Potrà dire di essere uscito di scena quando lo ha deciso lui (o meglio il suo fisico) e a testa alta, dopo la vittoria sul controverso programma d'armamento 2008. Ma in realtà il consigliere federale Samuel Schmid sarà ricordato dai più per il pasticcio combinato con la nomina di Roland Nef a capo dell'esercito e per la catastrofica gestione della crisi quando i fatti su quella nomina stavano venendo a galla. Rimarrà così il ricordo di un consigliere federale debole, incapace di gestire le situazioni difficili. Passerà alla storia come colui che ha gestito la seconda fase di smantellamento dell'esercito e che ha avuto la responsabilità politica dei Campionati europei di calcio del 2008 (e proprio questo, quasi a mo' di beffa, sembra essere l'unico vero merito riconosciutogli dai colleghi politici).
Certo, Schmid non ha mai acceso le fantasie delle masse. Però una certa statura politica e un profondo senso dello Stato gli vanno riconosciuti. Assolutamente apprezzabile in particolare è stata la coerenza con cui negli scorsi anni, pur nei toni pacati che lo caratterizzano, si era opposto all'allora suo compagno di partito Christoph Blocher, dapprima quando questi era presidente dell'Udc, poi quando addirittura era entrato in Consiglio federale.

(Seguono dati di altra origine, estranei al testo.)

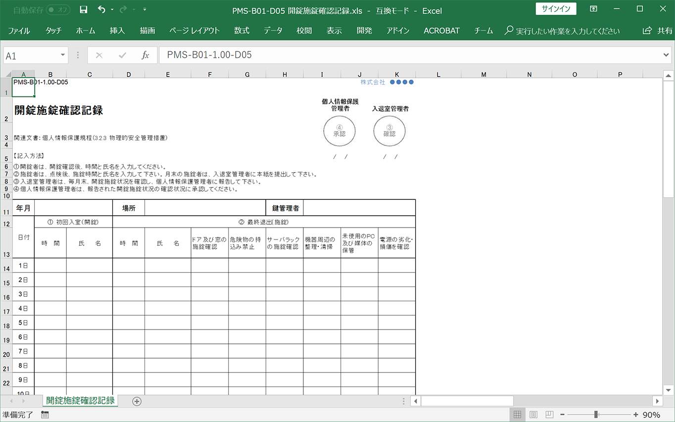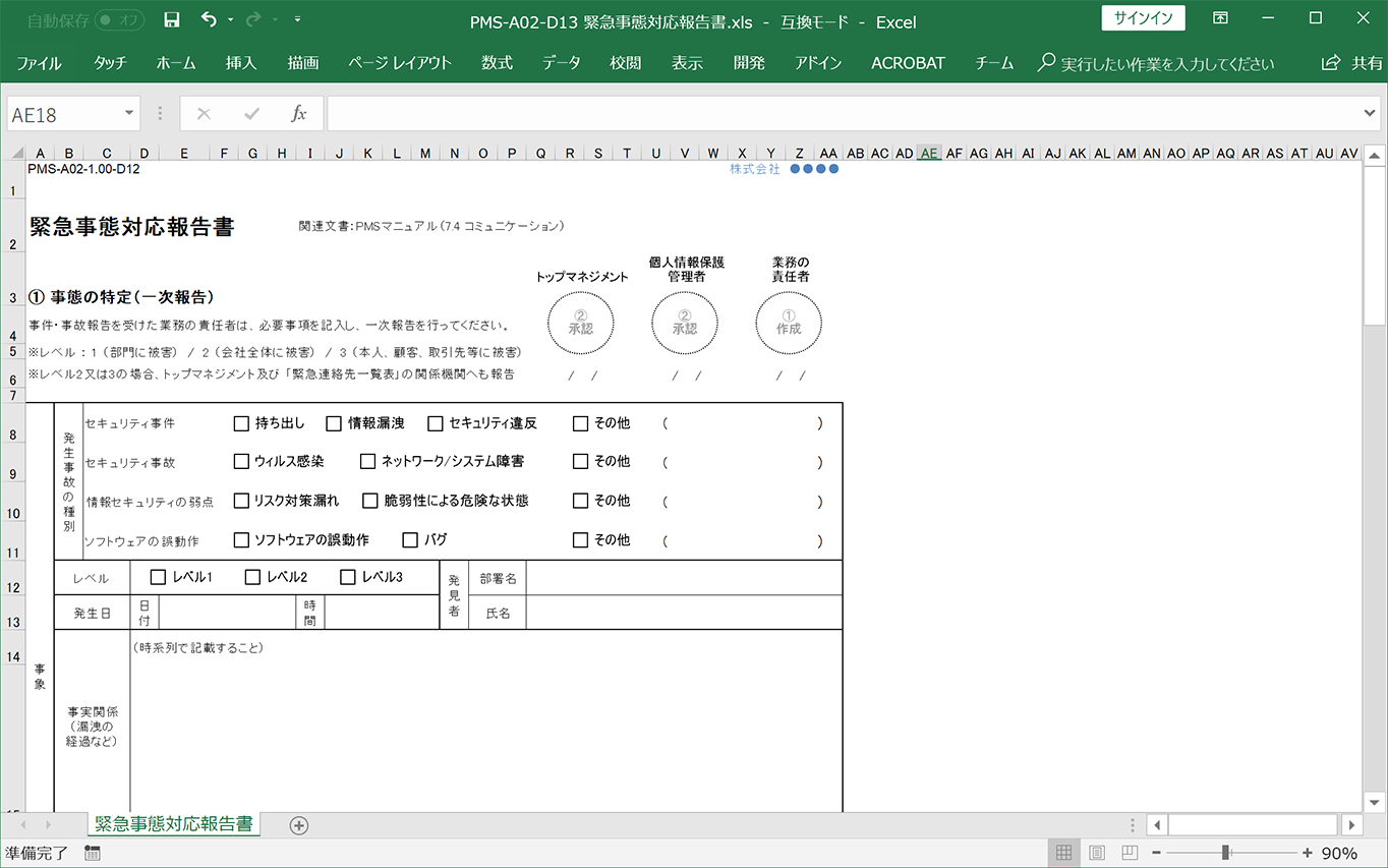 PMSマニュアルと各種規程のサンプル文書、個人情報保護方針書、様式集(記入例なし)の書式テンプレートが収録されています。

Le posizioni di Schmid sono sempre state di destra, raramente distanti da quelle di Blocher. Tuttavia ha saputo mantenere una sua linea di rispetto per lo Stato di diritto, per gli avversari politici, per la dignità umana degli altri, cozzando così frontalmente con l'Udc e con il suo padre-padrone. Così Schmid s'è ritrovato sempre più solo – neppure sostenuto come forse avrebbe meritato dagli altri partiti, almeno in singole circostanze (e come invece sta succedendo alla sua collega di partito e di governo Eveline Widmer Schlumpf: quanto tempo dovrà ancora passare prima che la sinistra la critichi per le sue posizioni di destra con lo stesso rigore che ha sempre avuto con Schmid?).
A ben guardare poi anche il caso Nef meriterebbe di essere meglio ripercorso e analizzato. Schmid ha commesso gravi errori. Ma non c'è dubbio che con Nef il consigliere federale bernese aveva individuato un comandante in capo dell'esercito finalmente capace e competente, come dimostrò con i provvedimenti adottati subito dopo la tragedia della Kander. Non stupirebbe che le successive rivelazioni sul suo conto siano state alimentate anche da chi nell'esercito temeva per le sue ingiustificate rendite di posizione, oltre che da chi aveva tutto l'interesse a far fuori politicamente il capo del Dipartimento della difesa.
La corsa per la successione di Schmid è già aperta, con la tradizionale girandola di nomi. Fra questi ritorna anche quello di Blocher, una cui rielezione appare tuttavia ampiamente improbabile dato che il fronte di coloro che non lo vogliono più in governo sembra essersi ulteriormente allargato: l'Udc potrebbe ricandidarlo, ma solo per atteggiarsi nuovamente a vittima al momento di una sua sconfitta. E l'aver contribuito a rendere impresentabile Blocher è forse il merito principale che dobbiamo riconoscere oggi a Schmid. Egli ha dimostrato che c'è un modo decente per stare al governo su posizioni di destra e in rappresentanza dell'Udc. Non è molto, ma gli storici potrebbero un giorno spiegarci che non è stato nemmeno poco.